I came across a case where I thought I wanted to pass the "address" of an object property as data to another function and populate the object (with AJAX), do lookup from address array, and display in that other function. I couldn't use dot notation without doing string acrobatics so I thought an array might be nice to pass instead. I ended-up doing something different anyway, but seemed related to this post.
Here's a sample of a language file object like the one I wanted data from:
const locs = {
"audioPlayer": {
"controls": {
"start": "start",
"stop": "stop"
},
"heading": "Use controls to start and stop audio."
}
}
I wanted to be able to pass an array such as: ["audioPlayer", "controls", "stop"] to access the language text, "stop" in this case.
I created this little function that looks-up the "least specific" (first) address parameter, and reassigns the returned object to itself. Then it is ready to look-up the next-most-specific address parameter if one exists.
function getText(selectionArray, obj) {
selectionArray.forEach(key => {
obj = obj[key];
});
return obj;
}
usage:
/* returns 'stop' */
console.log(getText(["audioPlayer", "controls", "stop"], locs));
/* returns 'use controls to start and stop audio.' */
console.log(getText(["audioPlayer", "heading"], locs));
ES5 // Check Deeply Nested Variables
This simple piece of code can check for deeply nested variable / value existence without having to check each variable along the way...
var getValue = function( s, context ){
return Function.call( context || null, 'return ' + s )();
}
Ex. - a deeply nested array of objects:
a = [
{
b : [
{
a : 1,
b : [
{
c : 1,
d : 2 // we want to check for this
}
]
}
]
}
]
Instead of :
if(a && a[0] && a[0].b && a[0].b[0] && a[0].b[0].b && a[0].b[0].b[0] && a[0].b[0].b[0].d && a[0].b[0].b[0].d == 2 ) // true
We can now :
if( getValue('a[0].b[0].b[0].d') == 2 ) // true
Cheers!
Others have already mentioned 'dot' and 'square' syntaxes so I want to cover accessing functions and sending parameters in a similar fashion.
Code jsfiddle
var obj = {method:function(p1,p2,p3){console.log("method:",arguments)}}
var str = "method('p1', 'p2', 'p3');"
var match = str.match(/^\s*(\S+)\((.*)\);\s*$/);
var func = match[1]
var parameters = match[2].split(',');
for(var i = 0; i < parameters.length; ++i) {
// clean up param begninning
parameters[i] = parameters[i].replace(/^\s*['"]?/,'');
// clean up param end
parameters[i] = parameters[i].replace(/['"]?\s*$/,'');
}
obj[func](parameters); // sends parameters as array
obj[func].apply(this, parameters); // sends parameters as individual values
I asked a question that kinda duplicated on this topic a while back, and after excessive research, and seeing a lot of information missing that should be here, I feel I have something valuable to add to this older post.
Firstly I want to address that there are several ways to obtain the value of a property and store it in a dynamic Variable.

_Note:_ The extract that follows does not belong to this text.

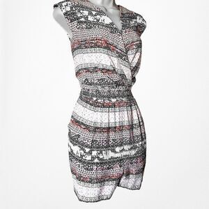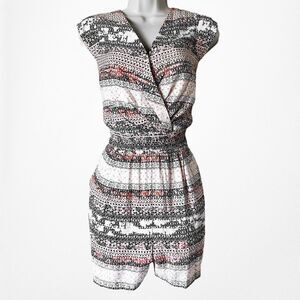 BCBGeneration White Gray Casual V-Neck Printed Striped Romper Dress Size S/M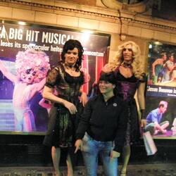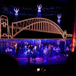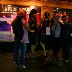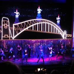 Aber zum Musical. Ich erwartete, dass es gut werden würde, und ich wurde nicht enttäuscht. Jemand, der Priscilla kennt, wird sich darin ebenso wieder zurechtfinden, wie es ein Nichtkenner wird. Die meisten Szenen sind deutlich wieder zuerkennen und viele kleine Gimmicks wurden eingebaut. So überfährt die Riesenausgabe eines Barbiecampers Koalabären und Känguruhs und allerlei weiteres Getier, so finden sich verschiedene Arten von Touristen in der Wüste wieder und statt der Fucking Abbas durfte im Bus kein Wort über bloody Kylie verloren werden. Sicher eine Anspielung auf die Liaison vom Herrn Donovan vor vielen vielen Jahren und sicher auch eine der heutigen Zeit gewidmet…

The first most popular, and easiest way IMHO would be:
let properyValue = element.style['enter-a-property'];
however I rarely go this route because it doesn't work on property values assigned via style-sheets. To give you an example, I'll demonstrate with a bit of pseudo code.
let elem = document.getElementById('someDiv');
let cssProp = elem.style['width'];
Using the code example above; if the width property of the div element that was stored in the 'elem' variable was styled in a CSS style-sheet, and not styled inside of its HTML tag, you are without a doubt going to get a return value of undefined stored inside of the cssProp variable. The undefined value occurs because in-order to get the correct value, the code written inside a CSS Style-Sheet needs to be computed in-order to get the value, therefore; you must use a method that will compute the value of the property who's value lies within the style-sheet.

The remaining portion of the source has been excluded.